GIVEN INFORMATION:
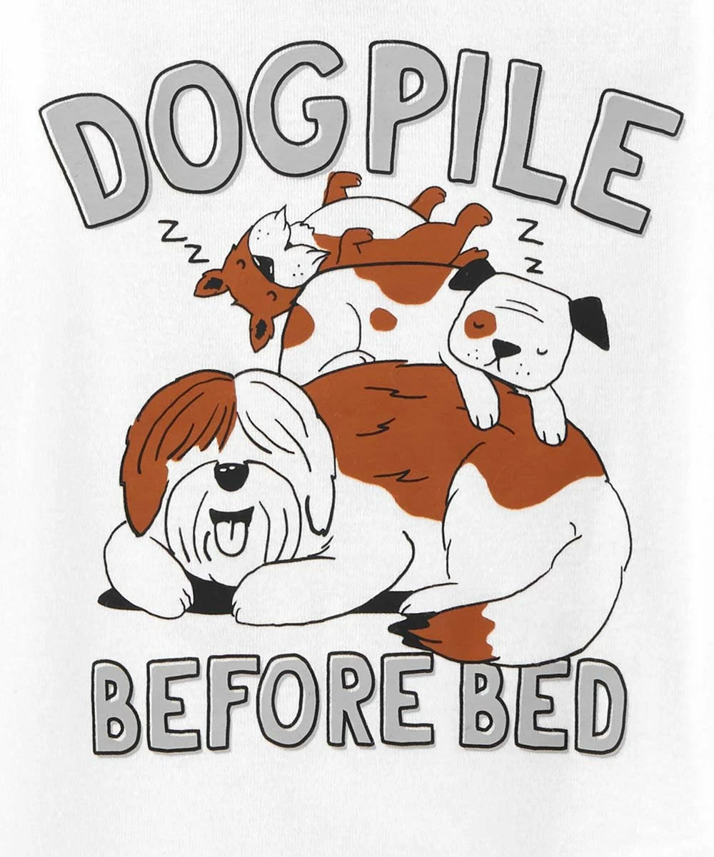 - Includes white and brown dogpile and brown dog long-sleeve tops and brown stripe and brown dog pajama pants (four pieces total)
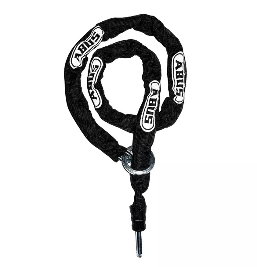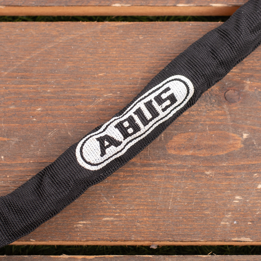 Deze solide ABUS insteekketting heeft vierkante schakels met een dikte van 6 mm, gemaakt van gehard speciaal staal. De ketting heeft een lengte van 130 centimeter en wordt beschermd door een stevige, zwarte nylon hoes. Deze hoes zorgt ervoor dat de ketting geen krassen achterlaat op uw fiets.
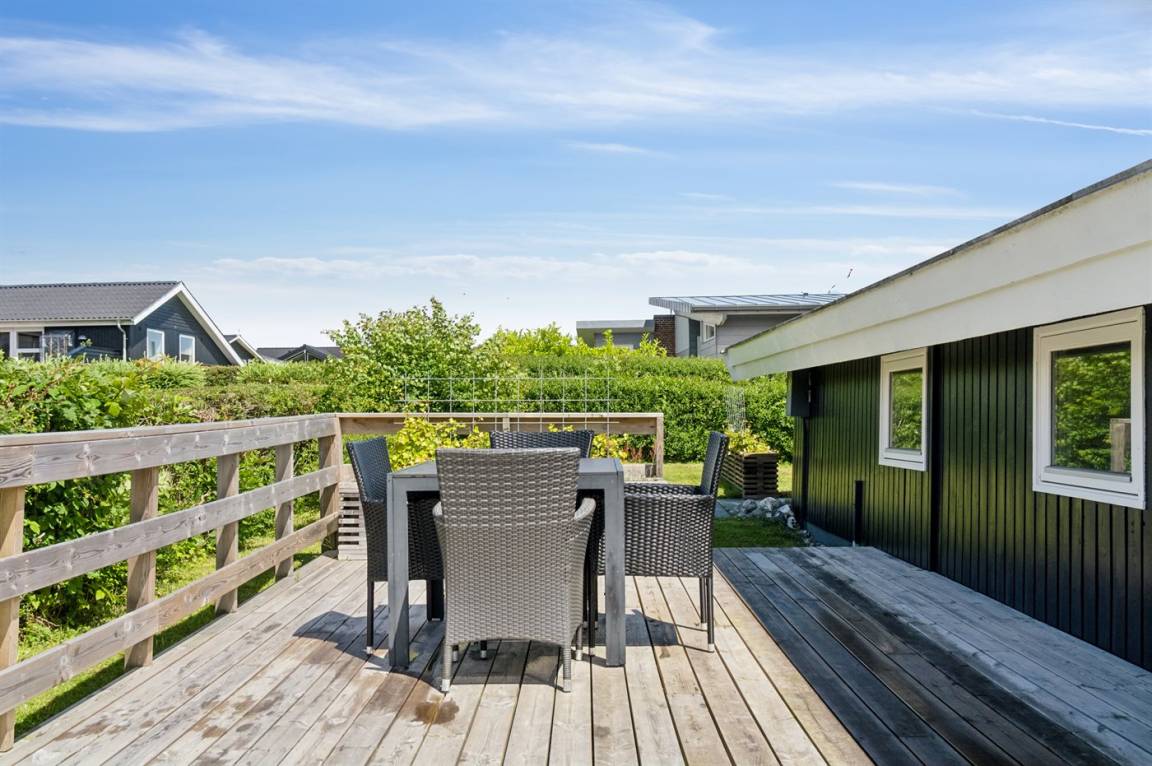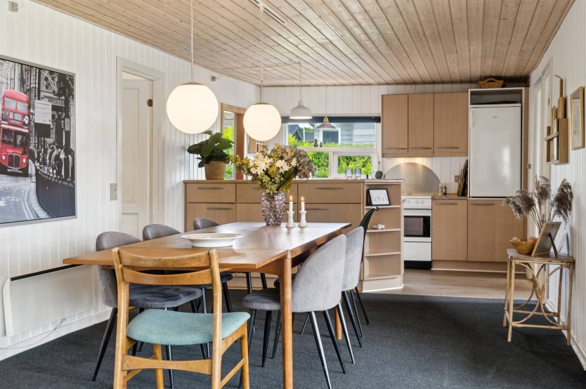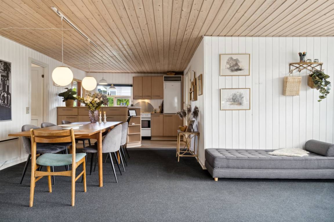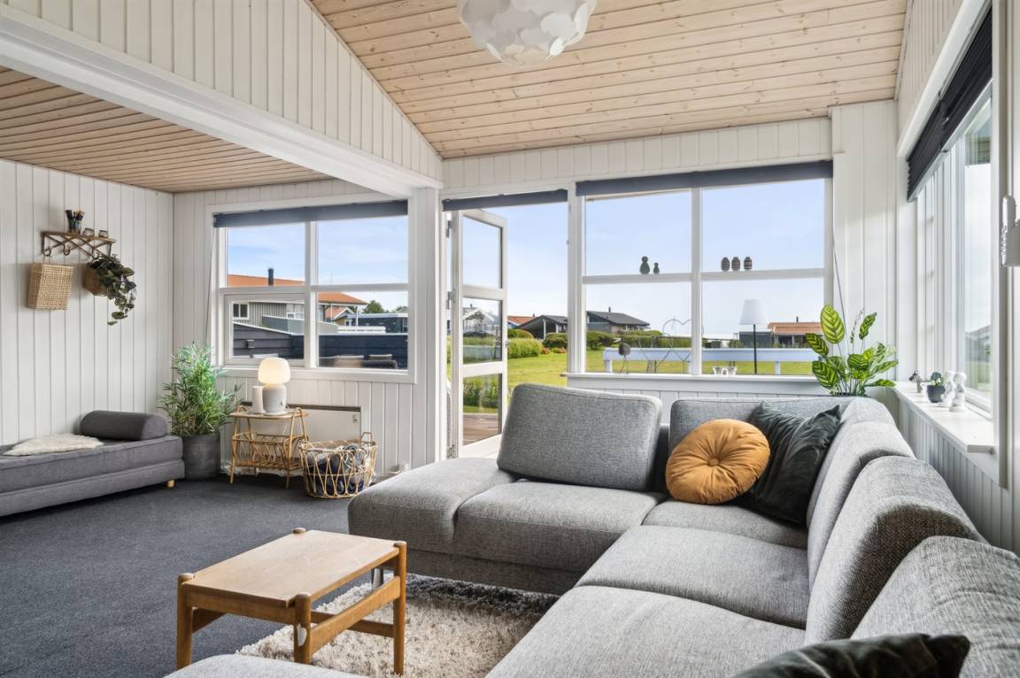 Innen ist das Ferienhaus in gutem Zustand, und die Einrichtung ist hell und stimmungsvoll mit einer feinen Raumaufteilung, die gut für zum Beispiel eine oder zwei kleinere Familien mit Kindern geeignet ist, oder du kannst die Großeltern mit in den Urlaub einladen. Alles in allem ein Ferienhaus, das die besten Voraussetzungen für einen schönen Urlaub bietet.

WHAT YOU NEED TO DO:
Nothing but an exact copy of the data, without pictures, should be returned.

OUTPUT FOR THIS EXERCISE:
 - Includes white and brown dogpile and brown dog long-sleeve tops and brown stripe and brown dog pajama pants (four pieces total)
 Deze solide ABUS insteekketting heeft vierkante schakels met een dikte van 6 mm, gemaakt van gehard speciaal staal. De ketting heeft een lengte van 130 centimeter en wordt beschermd door een stevige, zwarte nylon hoes. Deze hoes zorgt ervoor dat de ketting geen krassen achterlaat op uw fiets.
 Innen ist das Ferienhaus in gutem Zustand, und die Einrichtung ist hell und stimmungsvoll mit einer feinen Raumaufteilung, die gut für zum Beispiel eine oder zwei kleinere Familien mit Kindern geeignet ist, oder du kannst die Großeltern mit in den Urlaub einladen. Alles in allem ein Ferienhaus, das die besten Voraussetzungen für einen schönen Urlaub bietet.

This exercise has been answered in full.